Small, independent stores have been hard hit by COVID-19 closures and the lack of customers. So Kitchener wholesale marketplace company Faire is looking to helping them out.

CBC K-W spoke to Marcelo Cortes, founder and chief financial officer of Faire, an online marketplace that matches makers with small retailers about the why his company published a COVID-19 survival toolkit, including a financial losses calculator and tips to help small retailers stop bleeding cash. 

This interview has been edited for length and clarity.

CBC Kitchener-Waterloo: Let’s start with that loss calculator. Why is it something you felt small businesses needed access to?

Marcelo Cortes: When things started to happen with the coronavirus the first thing that we did as a business was start to take a look at our financials, everything that was happening with our company: where the money was going and start to project what’s going to happen to our business in different scenarios going forward, which of course is very hard to do. 

But we believe that a lot of the small and medium size businesses, most of our customers, have the same issue. First of all, they need to know where they’re at financially — how much money do they have, where are their expenses, where are they spending money, where can they save money, most importantly — and most of them are not prepared to have all that information handy so that they can take a full look at it, look at how to cut expenses.

They need to figure out how they can extend the time that they survive with business being a lot slower than it usually is. That’s where the idea to create this calculator came from. 

CBC K-W: What does it take into account that maybe they wouldn’t have considered on their own?

Marcelo Cortes: It’s definitely common sense. A business, they know their cash flow, they know where the money is coming in, where the money is going out.
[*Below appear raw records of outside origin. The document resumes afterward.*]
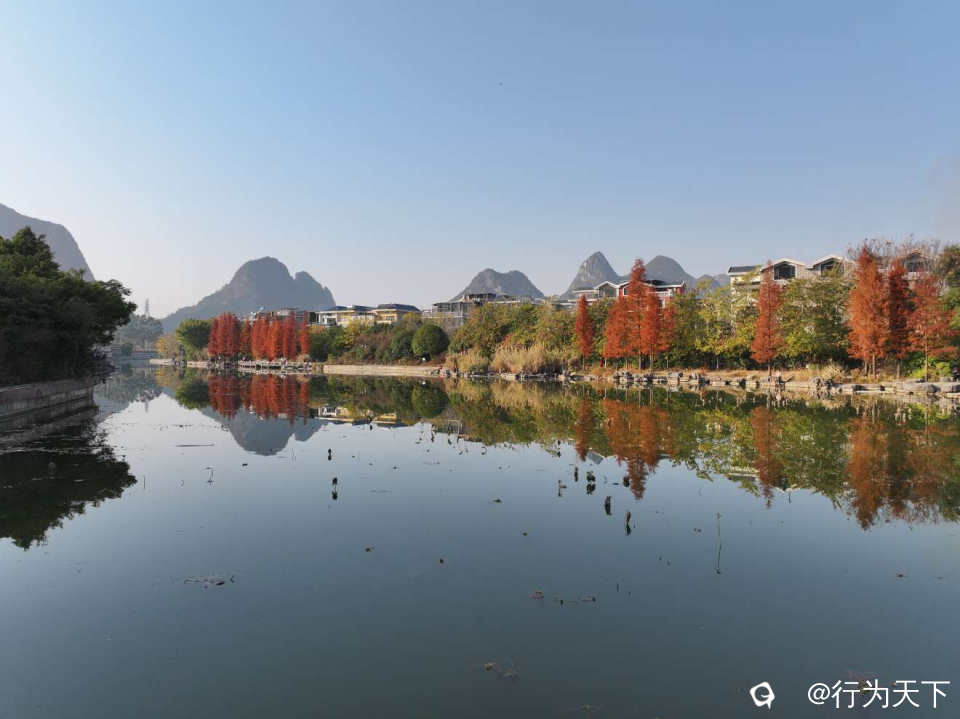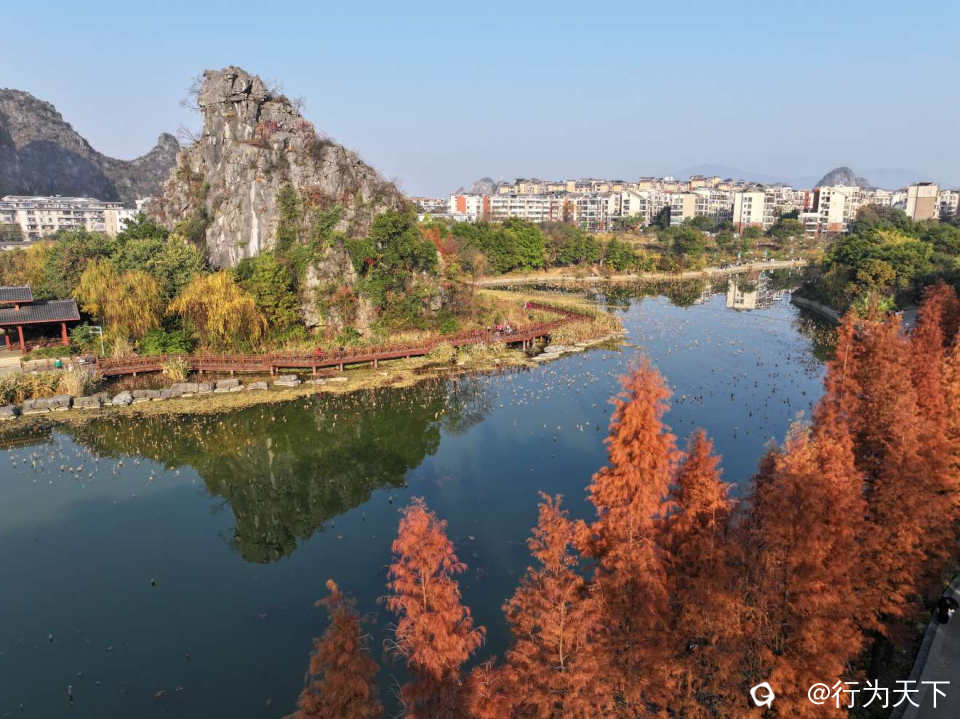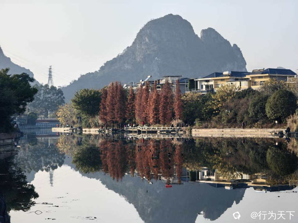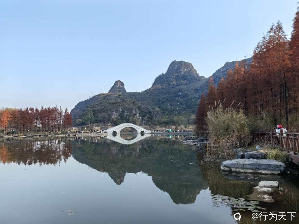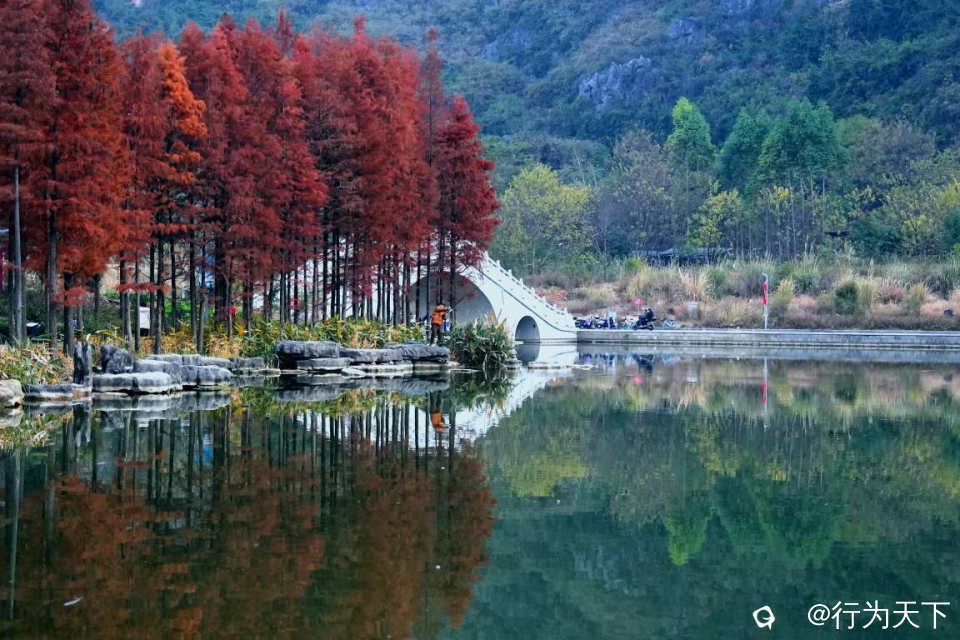 桂林桃花湖景公园的水杉红了,状元桥与水杉林倒影绝美,你确定不来打卡吗?这里不需要门票,停车方便。
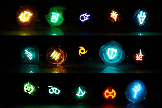 Each soul stone is handmade with high quality crystal resin and hand polished for a nice shine. When fully charged, each soul stone emits a beautiful and bright Aetherial glow from its center emblem, making it uniquely stunning.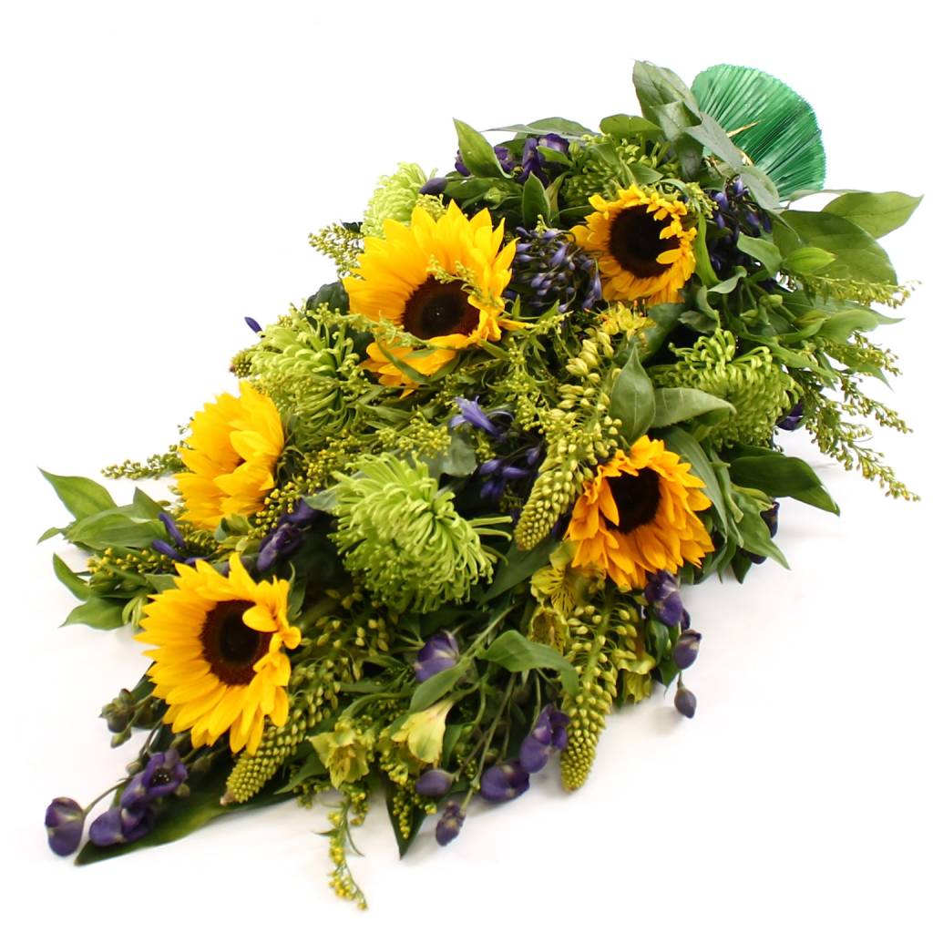 Rouwboeket zomers geel. Dit boeket heeft een steellengte van ca 55 cm. Een rouwlint of -kaart kunt u in de volgende stap toevoegen.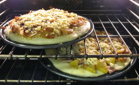 Take the hot crusts out of the oven. Top with pineapple and ham; pizza sauce is optional.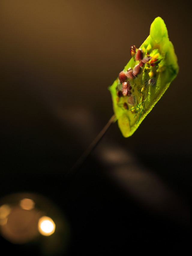 The guests receive the theatrical twenty course set menu at the same time. Each dish is accompanied by a carefully curated set of sounds, visuals and scents, all intended to create an environment that enhances the flavours of the meal. Dishes include Pairet’s version of fish and chips – a single, battered caperberry stuffed with anchovy paste – which is accompanied by a grey storm and the sounds of thunder, before a British flag lights up the table and The Beatles’ song “Ob-La-Di, Ob-La-Da” begins to play.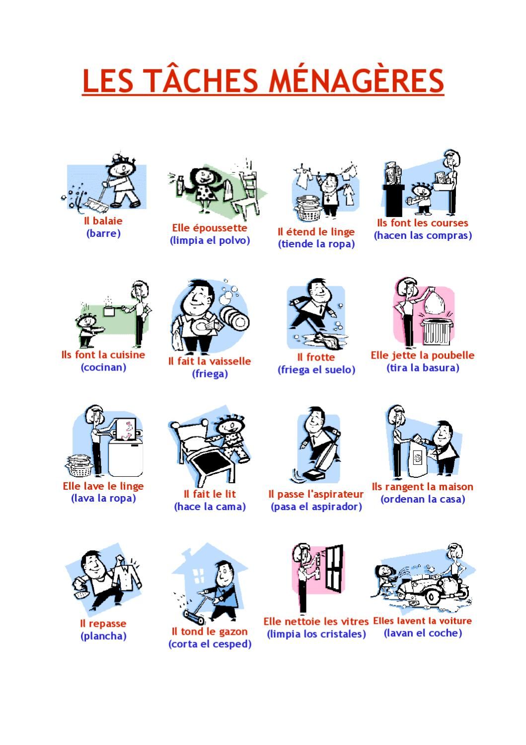 Tâches ménagères (fiche verbes au présent)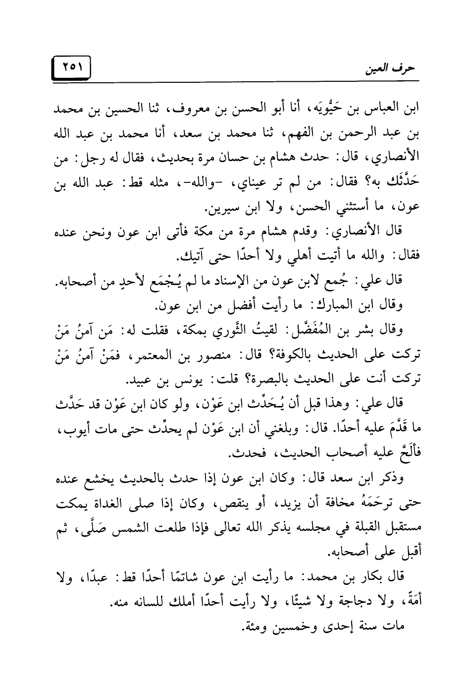 ابن العباس بن حَيُّويَه، أنا أبو الحسن بن معروف، ثنا الحسين بن محمد بن عبد الرحمن بن الفهم، ثنا محمد بن سَعْد، أنا محمد بن عبد الله الأنصاري، قال: حدث هشام بن حسان مرة بحديث، فقال له رجل: من حَدَّثَك به؟ فقال: من لم تر عيناي، -والله-، مثله قط: عبد الله بن عون، ما أستثني الحسن، ولا ابن سيرين.

But if you combine the calculator with all of our blog posts as well, that gives you recommendations of what people can do to survive during this time. 

We’re not only giving the calculator where they can see where their money is being spent, we’re recommending where they can cut costs, and all of the supports so they can understand what they can do about their own situation with respect to government grants, what’s available, how we can help them apply and what’s available to each independent type of merchant on our platform.

CBC K-W: What do you think are the most important steps small retailers should be taking right now?

Marcelo Cortes:

  1. Understand your financial situation. 

  2. Adapt and reduce costs as much as possible – get rent forgiveness, apply and get all the grants and credit options available from the Canadian government. 

  3. Don’t buy as much inventory from us at Faire. In two weeks or less our customers need to realize their stores may be closed. That’s reality. 

  4. Move some business online if possible. 

  5. Sell more essential items, or what people are considering essential items right now: candles, hand sanitizer, soap, creams, entertainment for the family: puzzles and games and toys to play with the kids and family.

CBC K-W: How essential is it to your success that these small retailers survive this, you’re their supplier after all?

Marcelo Cortes: For us, as a company, we are well founded so it’s easier for a company like ours to survive through a longer period of time in a down market like this, in a crisis scenario. So it became very, very important for us, not to have revenue or grow our business, but to help our customers get through this. 

One of the beautiful things about our marketplace is we’re only a success if our customers are a success. The more sales we bring to our retailers the more they buy from us, the more we buy from the makers on our platform. It doesn’t help if our business survives but most of our customers can’t get through this and they go bankrupt. 

For our business it’s extremely important that our customers do well and survive through this crisis, but it’s also because of our belief — our vision is to help local retail. And if local retail gets hit hard, that’s not something we want to see.